そこは、ザ南の島。青い空エメラルドグリーンの海。そして水着のギャルはいなかった。かわりに、波乗りをしているガタイのいい男がいた。
「はぁ、なんだこの島特に見るとこねぇな。変な洞窟と、マッチョしかいないんですか。とっとと、ジムバッジとってかーえろ」
と、俺が一人でごちていると、サーフィンをやっていた男が何やら、こちらに向かってきた。
「おっ?君はポケモントレーナーかい?」
「そうだけど、あんたは?」
「俺はムロジムのリーダーのトウキだ。よろしく」
「へぇ、あんたがここのジムリーダーね。ちょうど良かった。さっさとあんたを倒してこの島からおさらばするとするよ。」
「んー。バトルは構わないけど、この島はお気に召さなかったかな?」
「田舎は嫌いなんだ。あと暑いのと、あんたみたいにむさいのも」
「ひゅうー、言ってくれるね、俺のことはともかくこのムロタウンの悪口は見逃せないな、ジムにこい。君のような荒波は俺が制してやるよ」
なんか怒ってるっぽいけど、ラッキー。これでジムトレーナーとかいう連中と戦う手間が省けたってもんだ。
「使用ポケモンは2体、交換は自由でいいかい」
「構わねぇよ、暑くてしょうがねぇんださっさと片付けようぜ」
「いけ、ワンリキー」
「出ろ!バット」
相性はこちらが格段に有利だな。
「バット、ちょうおんぱ」
バットのちょうおんぱでワンリキーは混乱しているな。よし
「まずい、戻れワン…」 「くろいまなざし!」
「くっ」
バットのくろいまなざしが決まり相手はポケモンを戻せなくなった。
畳み掛けるぜ。
「バット、つばさでうつ!」
「ギュエ!」
バットのつばさでうつがワンリキーにヒットしそして崩れ落ちた。
「戻れ。ヒュー、やるねぇこりゃ想像以上のビッグウェーブだ。俺も本気でいくぜ。いけ!マクノシタ」
「戻れ、バット。出てこいドククラゲ!」
俺はバットを戻しついさっき捕まえたドククラゲを繰り出した。
こいつにはニックネームはない。理由は見た目的に愛着が持てないからだ。
「ドククラゲ、からみつく!」
「マクノシタ、受け流しさばけ!」
ちぃ、全部受け流してやがる、あんなに沢山触手があるってのによ。
「いまだ!マクノシタあてみなげ!」
伸びきった触手の一本を掴まれ、ドククラゲは投げ飛ばされた。
パワーも、技術も向こうが上かならば。
「ドククラゲ、どくどく」
ドククラゲのヘドロが、マクノシタにあたり苦しみだした。
「くっ、まずいな、マクノシタつっぱりで一気に仕留めろ」
「ドククラゲ!ダイビングだ!」
つっぱりをすんでのところでかわした。ふぅ、危ないとこだった。
「くっ、卑怯だぞ出てこい!」
「勝負に卑怯もくそもあるかよ、ドククラゲ、バリアー」
水中の中から光が見える。
そしていきなりドククラゲは浮上し姿を見せた。
「つっぱりだ、マクノシタ」
「ドクー」
涼しい顔で、つっぱりを受けるドククラゲ、やがてマクノシタは毒が回ったのか力尽き倒れた。

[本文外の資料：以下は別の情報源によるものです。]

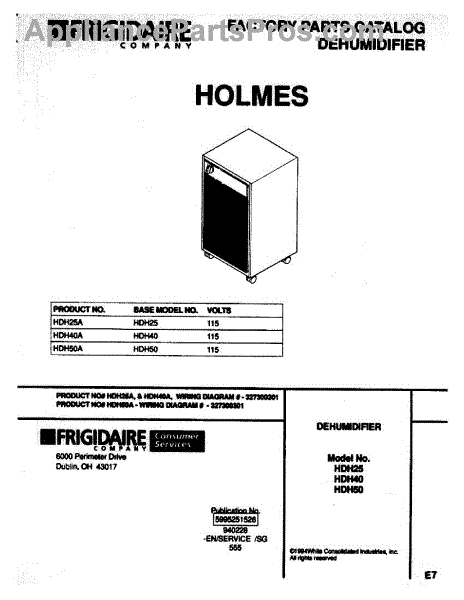 Parts for Frigidaire HDH25A: 01 - Cover Parts
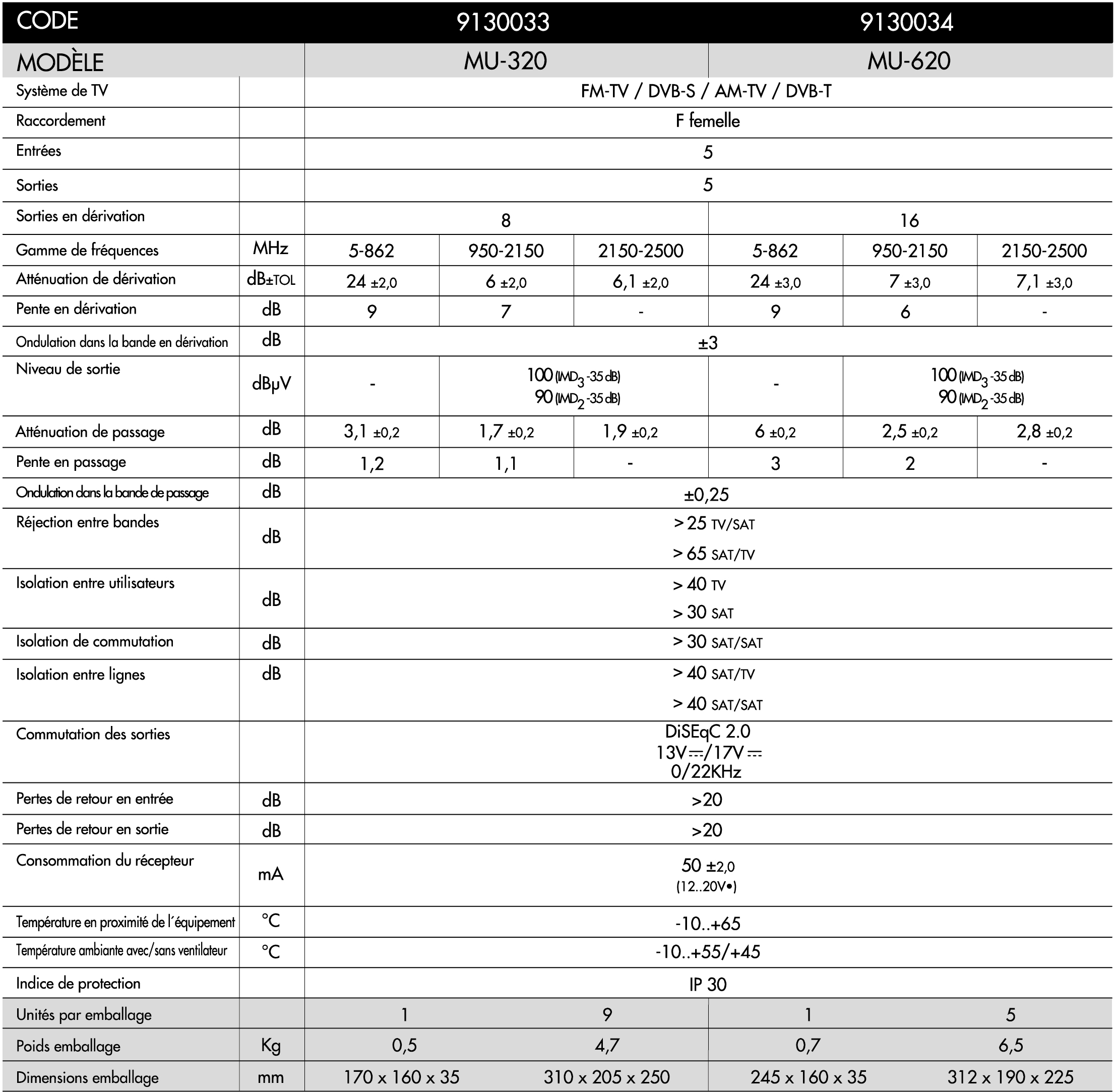 Multicommutateurs pour 4 polarités et TV terrestre avec 8 pour les installations en cascade.Les sorties de dérivation sont amplifiées dans la bande IF satellite il doit être alimenté à partir de chaque récepteur individuel pour alimenter la commutation et l'amplification de chaque sortie de prise

「マクノシタ…。俺の負けだ、君は、俺の手に負える波じゃなかったようだね。納得できないが、負けは負けだ。ナックルバッジだ。」
「お、サンキュー。ナックルバッジゲットだぜ!」
「ドクー。」「ギュエ」
もっと可愛い返事が欲しいな。その為だけにエネコでも捕まえてこようかな。